Commissioned on the strength of a powerful congregation member who championed Ando’s austere work, the smoothly textured finish and sleek concrete grain are, ironically perhaps, a testament to Japan’s masterly tradition of wood carpentry. The wooden forms into which Ando’s concrete is poured are reputed to be less prone to leaking, the watertight shuttering producing perfectly formed concrete structures.
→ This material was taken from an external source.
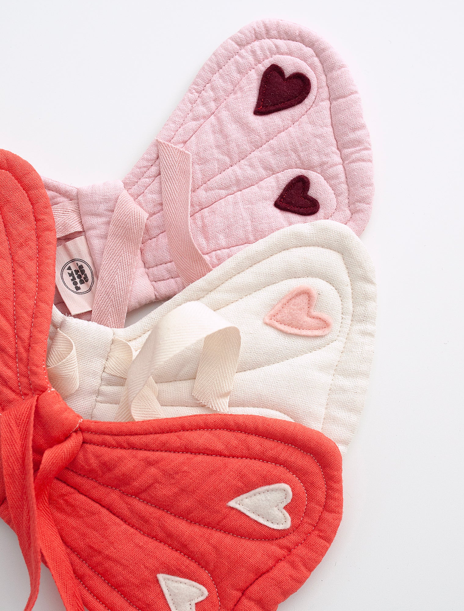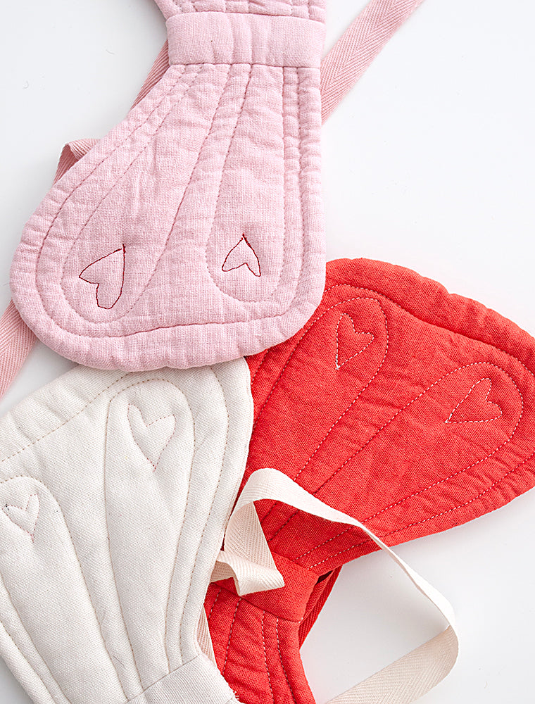 A little imagination goes a long way. Cotton Gauze Butterfly Wings for most PDC Toys. They stay securely in place making them perfect for imaginative play, cuddling, or just for marveling at their cuteness. Wool Felt Hearts top stitched with LOVE.

Commenting on the temple, architectural critic Cheryl Kent writes: “Few of Ando’s projects better represent the challenges and comforts this architect offers to Japanese culture than [the Lotus Temple]… Less a building than a series of shaped sensual experiences, the Lotus Temple is a radical challenge to centuries-old conventions governing temple design in Japan”.

There is no refuting this insight, although Ando’s structure also stands as the apotheosis of a culture that now worships concrete, not wood, the material over the insubstantial. More prosaically, its show-off quality is also a tad dangerous.
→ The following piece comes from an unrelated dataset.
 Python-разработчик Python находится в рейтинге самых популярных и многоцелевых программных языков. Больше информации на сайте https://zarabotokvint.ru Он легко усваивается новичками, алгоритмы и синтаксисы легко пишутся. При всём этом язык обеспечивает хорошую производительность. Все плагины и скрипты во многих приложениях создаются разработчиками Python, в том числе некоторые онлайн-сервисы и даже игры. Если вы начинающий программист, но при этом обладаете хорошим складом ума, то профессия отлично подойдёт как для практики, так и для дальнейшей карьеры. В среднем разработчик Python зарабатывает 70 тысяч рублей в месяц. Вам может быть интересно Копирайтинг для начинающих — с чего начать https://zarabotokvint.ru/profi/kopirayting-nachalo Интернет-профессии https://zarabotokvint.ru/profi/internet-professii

Bored and in need of smoke, Hiroshi tramples across the temple’s pebbled landscape to a small verge. The white stones introduced to the site to compliment its aesthetics give way under the gauche policeman’s feet – he slips and lies spreadeagled on his back. Laughing, Misako and I run up to him. Hiroshi grumbles disconsolately as he stands up, then nonchalantly pats his polyester pants and back.
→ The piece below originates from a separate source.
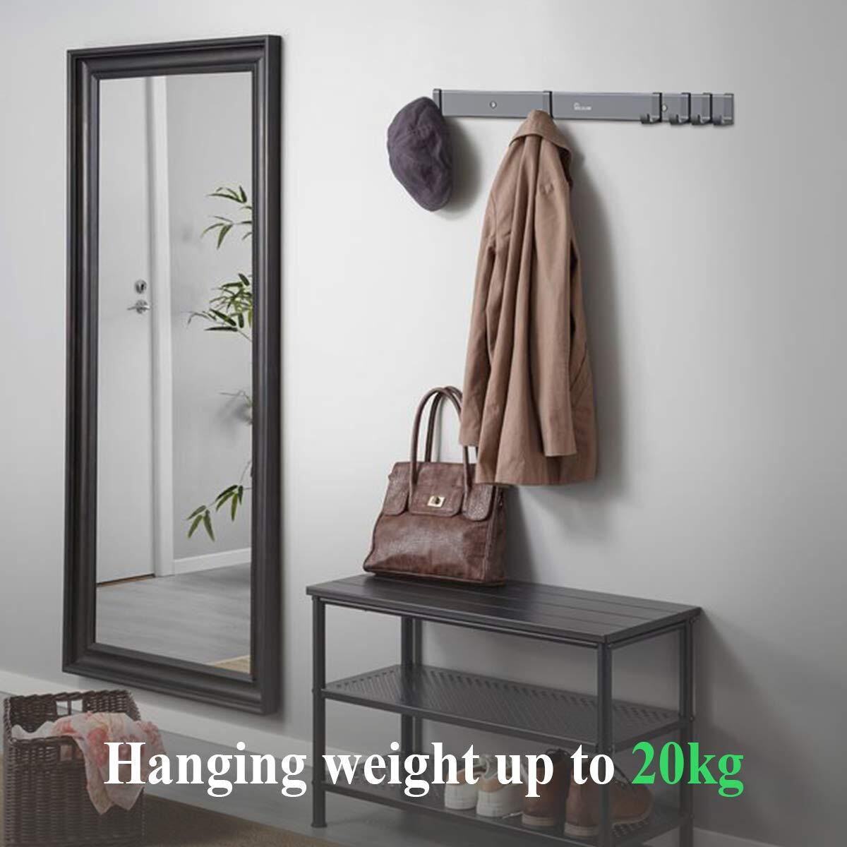 ウォールハンガー 壁取り付け式コートラック 6連フック 壁掛けフック 収納家具 物干しハンガー 帽子掛け・洋服掛け・コート掛け アルミニウム合金製(フック移動型)

Later, in a ramshackle little restaurant near the Lotus Temple, while brooding over a beer and snacking on a starter of takoyaki, a fried octopus dish particular to the Kansai region, Hiroshi indulges in the Japanese cultural inclination to speak epigrammatically. During this clipped exchange Misako reminds him of the time, five years before, when he sulkily sat in the car, refusing to visit Kyoto’s famed Ginkakuji, or Silver Pavilion. Hiroshi frowns, becomes even more sullen.

“These buildings don’t mean anything to me,” I distinctly remember him saying back then.

Was he just being morose? I couldn’t quite figure him out at the time, still can’t as he sits quietly opposite me munching on his okonomiyaka, pausing only to take a sip of beer. Most likely yes, but I also like to think that in his sullen defiance Hiroshi was staking a claim to a Japan that has little to do with exotic buildings and far-flung places. Objects and habitats that evoke a Japan ever out of reach.